Problem requirements »
Could you restate word for word every line of the records below, from the first one to the one holding "1.收盘价小于等于0.962 买入信号交易日:1 买入信号..."?

::: Dataset entries :::

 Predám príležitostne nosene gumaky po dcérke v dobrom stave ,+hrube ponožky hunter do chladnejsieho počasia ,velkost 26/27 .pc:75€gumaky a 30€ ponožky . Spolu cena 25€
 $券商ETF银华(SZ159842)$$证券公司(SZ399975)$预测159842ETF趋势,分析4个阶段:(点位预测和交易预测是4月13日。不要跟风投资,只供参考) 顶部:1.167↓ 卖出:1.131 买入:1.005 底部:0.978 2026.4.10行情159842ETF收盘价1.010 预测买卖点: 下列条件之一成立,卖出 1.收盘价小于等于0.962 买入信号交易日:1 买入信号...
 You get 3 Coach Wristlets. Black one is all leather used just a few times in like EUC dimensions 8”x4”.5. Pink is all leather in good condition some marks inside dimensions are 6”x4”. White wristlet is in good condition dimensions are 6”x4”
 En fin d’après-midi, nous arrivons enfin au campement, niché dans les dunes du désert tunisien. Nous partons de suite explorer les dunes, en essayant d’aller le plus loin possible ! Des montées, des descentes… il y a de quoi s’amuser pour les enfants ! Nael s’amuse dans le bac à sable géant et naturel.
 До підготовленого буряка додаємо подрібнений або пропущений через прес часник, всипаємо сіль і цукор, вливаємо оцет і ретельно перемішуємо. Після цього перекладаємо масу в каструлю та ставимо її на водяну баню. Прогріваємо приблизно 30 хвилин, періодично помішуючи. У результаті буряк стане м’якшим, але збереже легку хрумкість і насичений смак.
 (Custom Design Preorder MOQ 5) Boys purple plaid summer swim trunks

:::

Output of the task »
 Predám príležitostne nosene gumaky po dcérke v dobrom stave ,+hrube ponožky hunter do chladnejsieho počasia ,velkost 26/27 .pc:75€gumaky a 30€ ponožky . Spolu cena 25€
 $券商ETF银华(SZ159842)$$证券公司(SZ399975)$预测159842ETF趋势,分析4个阶段:(点位预测和交易预测是4月13日。不要跟风投资,只供参考) 顶部:1.167↓ 卖出:1.131 买入:1.005 底部:0.978 2026.4.10行情159842ETF收盘价1.010 预测买卖点: 下列条件之一成立,卖出 1.收盘价小于等于0.962 买入信号交易日:1 买入信号...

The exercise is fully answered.